Bunları yıllar sonra ben de, Brüksel’e gelerek Sürgünde Kürt Parlamentosu’nu kuran Remzi Kartal, Zübeyir Aydar gibi yeni sürgün Kürt dostlarıma söyleyecektim...

İki yıl illegalde kaldıktan sonra 1973’te Birleşmiş Milletler’in Hollanda’da tanıdığı siyasal mülteci olarak Brüksel’de İnfo-Türk’ü kurmaya karar verdiğimizde Belçika’da oturma ve çalışma izni talebimiz Türkiye Büyükelçiliği’nin baskısıyla tam üç yıl Belçika devlet güvenlik örgütü tarafından engellenecekti.

Belçika sendikalarının dayatması sonucu legalleştikten sonra, 1976’da Moskova’da Nazım Hikmet’in mezarını ziyaret ettiğimde, ertesi yıl da Nazım’ın 75. Doğum yıldönümü dolayısıyla Belçika sosyalist sendikalarının lokalinde büyük ozanımız üzerine konuştuğumda, sürgün benim için de, İnci için de hayatımızda hâlâ geçici bir parantez gibiydi.

1977’yi 78’e bağlayan gece Türkiye’ye dönme umuduyla Almanya’daki dostlarımızla vedalaşmaya gidiyorduk...  Aachen Garı’nda Almanya’nın güvenliği için tehlikeli yabancı gazeteciler listesinde olduğum için tutuklanarak aynı gece Belçika’ya geri gönderildim.

Yine de yedi yıllık sürgün yaşamına son vererek Türkiye’ye bir an önce geri dönüp kavgayı orada sürdürmekte kararlıydık. 1971’de Demokratik Direniş Hareketi’yle başlatıp 1974’ten sonra İnfo-Türk’le sürdürdüğümüz mücadeleyi Belçika’daki arkadaşlara emanet edip siyasal mülteci statüsünü terkederek Türkiye’de yeni bir sayfa açma hazırlığı içindeydik...

Bu amaçla geçici pasaport alarak 1978’de Türkiye’ye yaptığımız iki kısa ziyarette ülkeye kesin dönüşün hazırlıklarını başlatmışken, militarizm üzerine çevirdiğim iki kitabın İstanbul’da yayınlanmasından ötürü Donanma Komutanlığı Askeri Savcılığı’nın hakkımda çıkarttığı yakalama emri dönüş projesini erteletti...

Bu erteleme sürecindedir ki, tüm sürgün arkadaşların çok iyi tanıdığı 12 Eylül 1980 Darbesi’ni izleyen baskılar süreci bizler gibi yurt dışındaki tüm rejim karşıtlarının üzerine bir karabasan gibi çöktü...

Pasaportların uzatılmaması, ardından vatandaşlıktan atma kararları...

İnci ve benim TC vatandaşlığından atılma kararı bize iki kez tebliğ edildi.

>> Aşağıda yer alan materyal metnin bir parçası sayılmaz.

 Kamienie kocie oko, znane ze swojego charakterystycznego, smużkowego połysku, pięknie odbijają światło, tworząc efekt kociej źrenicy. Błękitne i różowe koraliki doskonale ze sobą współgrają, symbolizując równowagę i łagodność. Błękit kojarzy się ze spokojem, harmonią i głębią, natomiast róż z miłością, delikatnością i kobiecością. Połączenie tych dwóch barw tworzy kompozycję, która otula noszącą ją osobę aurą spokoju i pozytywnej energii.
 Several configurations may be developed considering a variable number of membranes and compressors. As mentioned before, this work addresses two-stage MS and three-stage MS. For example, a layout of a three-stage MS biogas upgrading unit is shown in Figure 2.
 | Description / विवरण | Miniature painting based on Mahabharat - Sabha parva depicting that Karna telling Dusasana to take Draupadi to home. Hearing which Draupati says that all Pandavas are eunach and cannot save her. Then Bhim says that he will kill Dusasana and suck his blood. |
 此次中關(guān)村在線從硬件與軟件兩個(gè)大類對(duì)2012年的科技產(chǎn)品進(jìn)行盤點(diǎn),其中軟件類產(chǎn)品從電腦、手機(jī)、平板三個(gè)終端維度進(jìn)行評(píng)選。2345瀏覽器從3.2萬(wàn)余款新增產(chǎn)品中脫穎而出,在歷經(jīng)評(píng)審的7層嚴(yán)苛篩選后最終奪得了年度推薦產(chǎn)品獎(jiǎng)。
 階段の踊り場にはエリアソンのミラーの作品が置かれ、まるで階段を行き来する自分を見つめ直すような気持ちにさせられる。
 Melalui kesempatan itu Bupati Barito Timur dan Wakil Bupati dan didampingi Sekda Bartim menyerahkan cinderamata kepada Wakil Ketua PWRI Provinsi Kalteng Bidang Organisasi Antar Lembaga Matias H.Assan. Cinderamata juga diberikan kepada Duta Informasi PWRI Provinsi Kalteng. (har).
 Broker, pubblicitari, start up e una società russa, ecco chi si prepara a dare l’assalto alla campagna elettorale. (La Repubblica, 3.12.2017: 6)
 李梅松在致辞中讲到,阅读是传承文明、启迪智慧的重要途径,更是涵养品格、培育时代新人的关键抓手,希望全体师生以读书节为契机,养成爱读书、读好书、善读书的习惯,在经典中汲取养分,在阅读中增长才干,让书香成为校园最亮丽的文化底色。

Bu TC Devleti’nin bize kinini ortayan koyan müstesna bir uygulamaydı.

İlk tebligat 1982 yılında Yılmaz Güney, Behice Boran, Gültekin Gazioğlu, Şanar Yurdatapan, Melike Demirağ, Cem Karaca, Mehmet Emin Bozarslan, Nihat Behram, Mahmut Baksı, Şah Turna, Fuat Saka, Demir Özlü, Yücel Top ve daha yüzlerce arkadaşla birlikte…

İkincisi 1987’de, Brüksel’de Uluslarası Basın Merkezi’nde yaptığı bir basın toplantısı sırasında zamanın başbakanı Turgut Özal’a Türkiye’de insan hakları ihlalleri ve vatandaşlıktan atmalar konusunda sorduğumuz sorular nedeniyle…

Artık sadece siyasal mülteci değil, aynızamanda «katmerli vatansız» olmuştuk…

Vatansızın kavgası siyasal mülteciye göre daha zor… Bu kavgada ne yazık ki ihaneti de tanıdık…

Türkiye’de Danıştay nezdinde «vatandaşlıktan atılma» kararına karşı açtığımız dava, son derece iyi bir dosya hazırladığımız halde, MGK kararları aleyhine hüküm verilemeyeceği gerekçesiyle reddedildi.

Bu noktada ta 60’lı yıllardan beri sosyalist mücadele yoldaşımız olan bir avukatın tavrını belirtmeyi de, siyasal sürgünlerin mücadelesinin Türkiye’de ne denli hafife alındığını vurgulamak için zorunlu görüyorum. Evet, çok iyi hazırlanmış bir dosyaya ve avukatlık ücretinin peşinen ödenmiş olmasına rağmen, avukatımız Danıştay’daki murafaaya katılmadığı gibi, bir başka avukatı vekil olarak göndermeyi dahi gerekli görmemişti. Danıştay dairesinin iki üyesi bizim lehimizde mütalaa belirttikleri halde, üçlü çoğunluk davayı red gerekçesinde davacı avukatının murafaaya katılmamış olmasını da bir neden olarak göstermişti.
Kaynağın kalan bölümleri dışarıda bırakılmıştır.